During the interviews, instructors often went outside the boundaries of the specific question that was
asked, either anticipating later questions or raising issues that were not covered in our set of
questions. We encouraged this and adjusted our subsequent questioning to avoid repeating topics
that had been covered earlier.
After performing and analyzing the interviews, we invited the interview participants and
faculty representatives from other colleges and universities with common-syllabus core courses to
discuss our tentative findings at a conference, held at Reed College in May 2008. The conference
featured enthusiastic discussions among about forty participants, leading us to refine our
understanding of peer effects.
Interviews with instructors: Results and analysis
Are peers important?
Yes. The vast majority of interviewees felt that peers can have a strong positive or negative
influence on their classmates’ learning. One stated, “I think the chemistry of an individual section
has everything to do with whether or not some students go far.” A remarkable number of the
interviewed instructors admitted, however, that they had not thought much about peer effects prior
to our study.
Most of the instructors were able to come up with clear examples of individual students who
had influenced their classmates and examples of individual sections that were more and less
successful. One example was from an instructor who had taught multiple sections in the same
semester.
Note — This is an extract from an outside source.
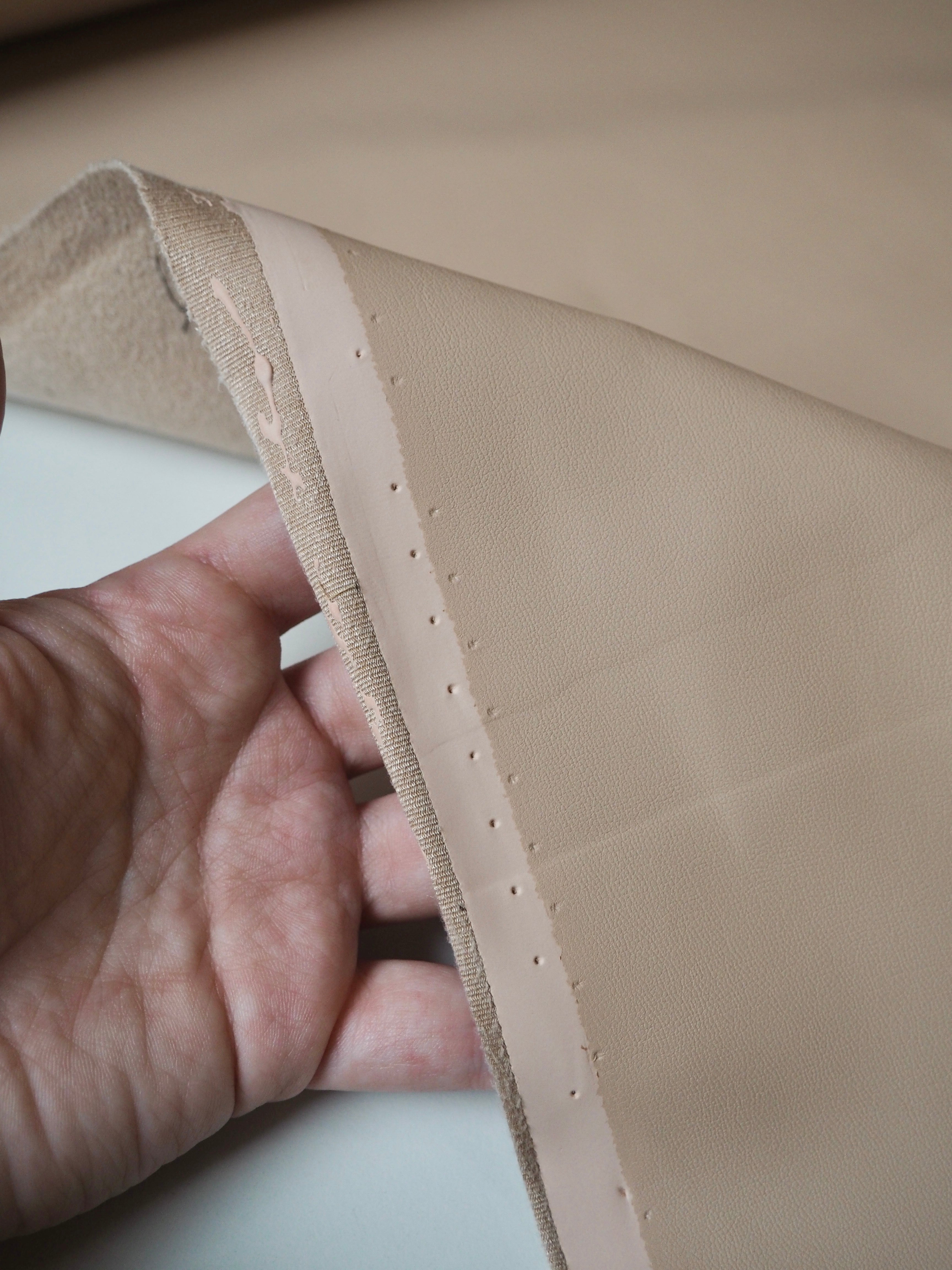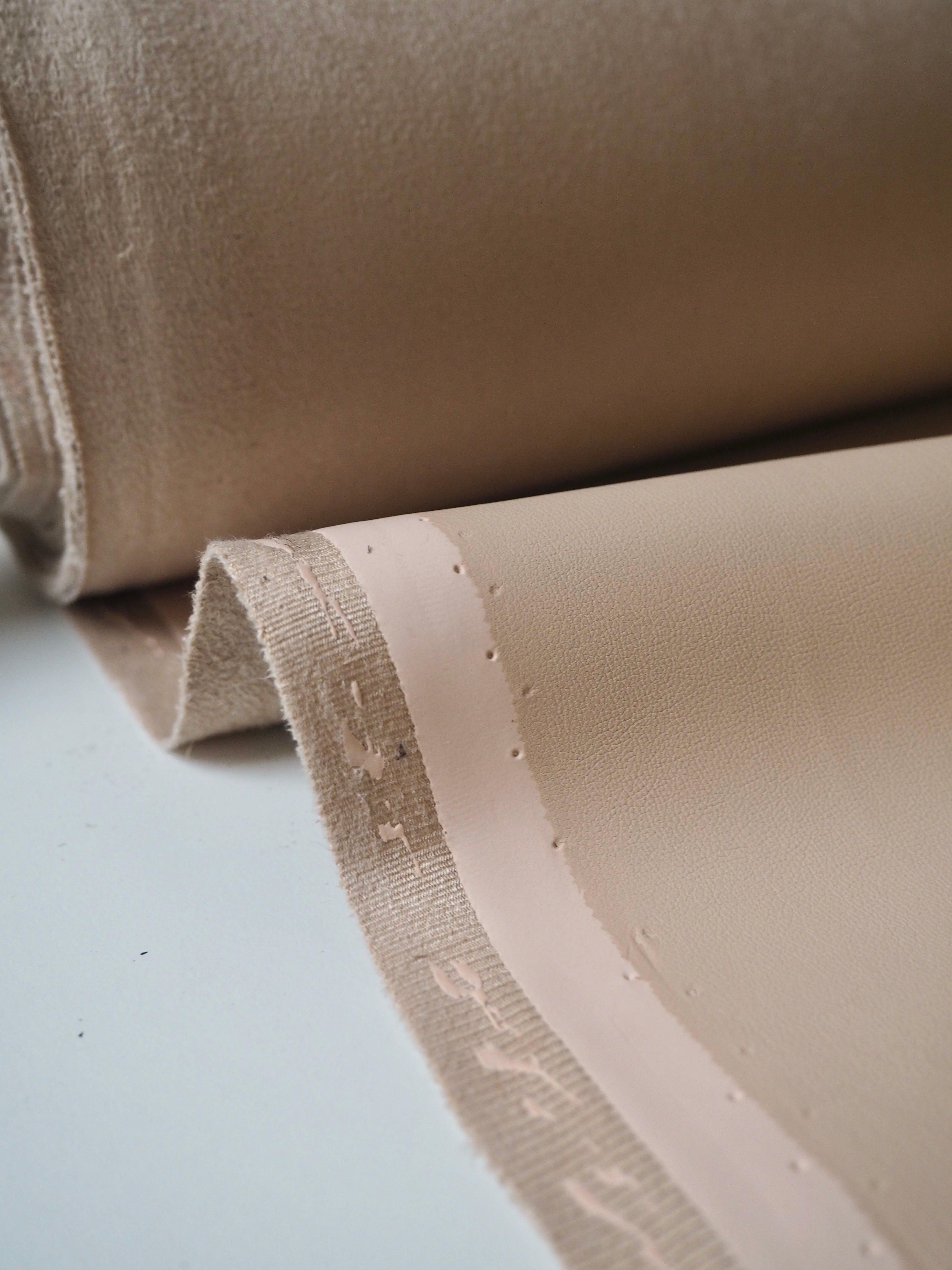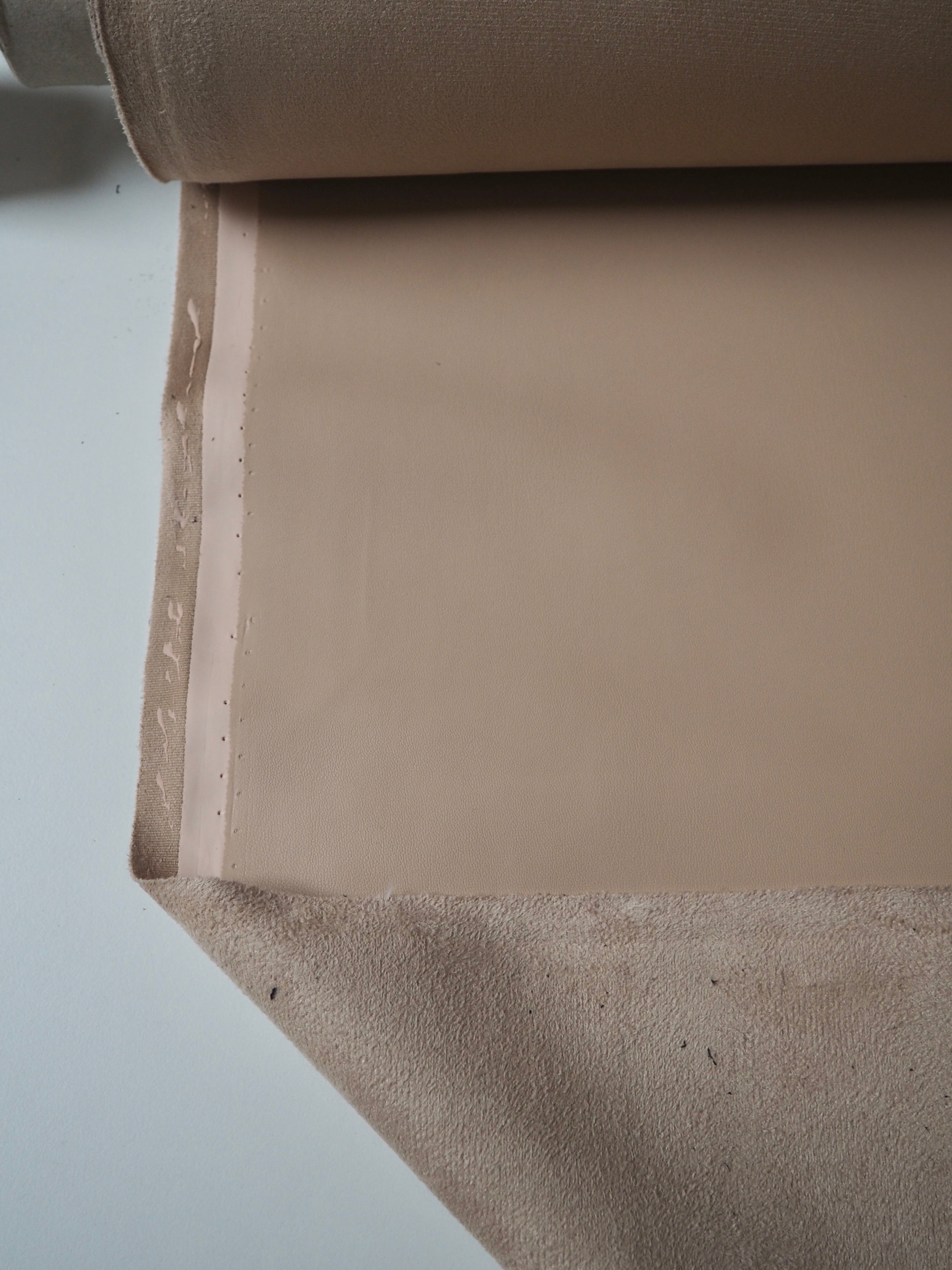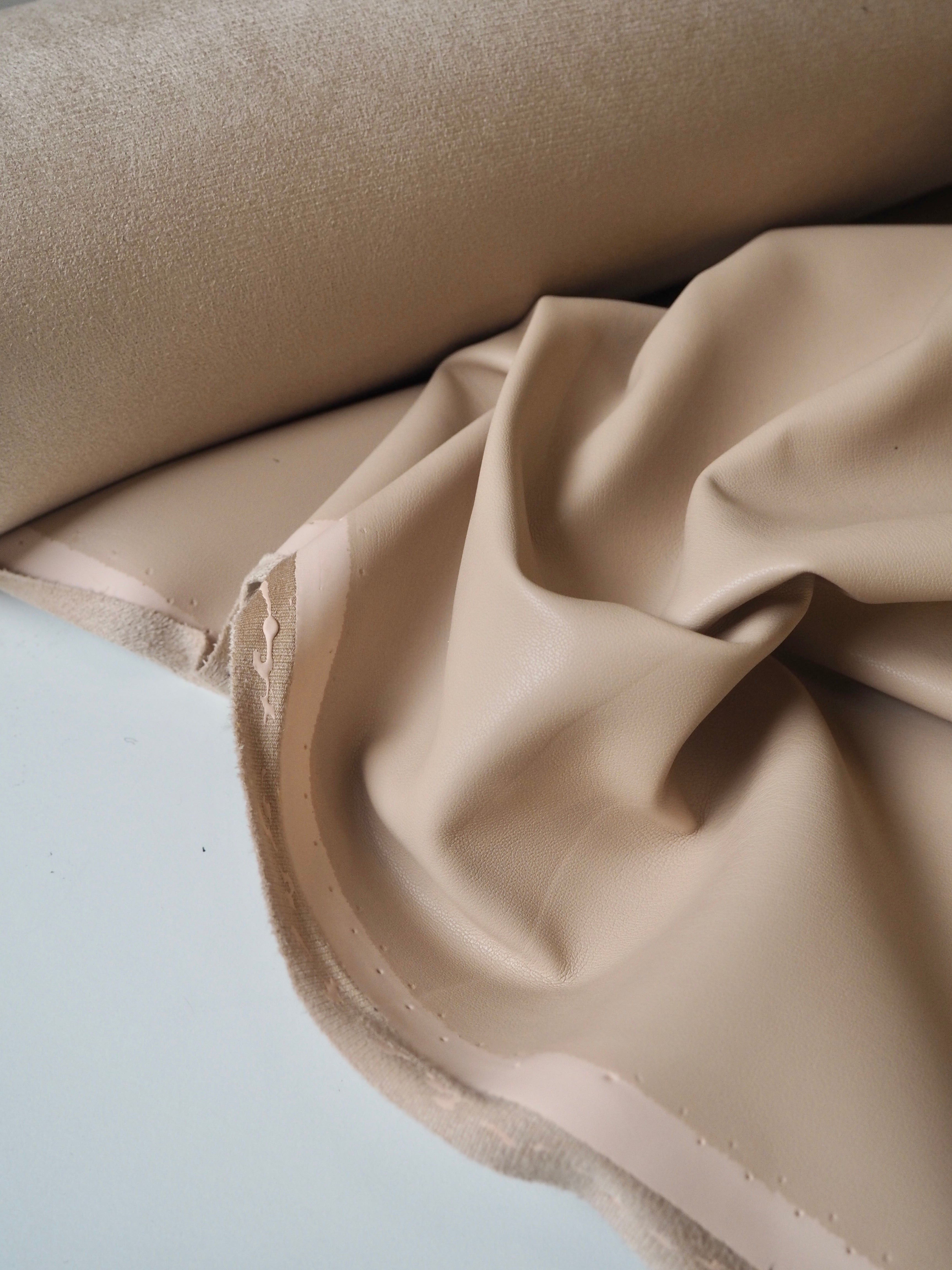 This ex-designer fabric is a stretch pleather. It's light to medium weight with a smooth finish. It has a polyurethane coating on a soft sueded beige jersey backing. Has about 10-20% stretch width-ways. Has a good structure and would hold shape well. We would love this in a structured jacket or for a bag!

A student from the weaker section who happened to attend the stronger class would
perform at a higher level than he or she normally did in the regular section.
Attitude vs. aptitude
Given the prominence of aptitude measures in our statistical work, we were naturally very
interested in how a student’s actual or potential academic ability, as measured by the student’s
grades or admission credentials, connected with his or her influence as a peer. Do students gain from
having more able peers who achieve higher grades and enter with more impressive credentials? Do
they gain from peers who are close to their own level of academic standing? Is there some other
complementarity between peers?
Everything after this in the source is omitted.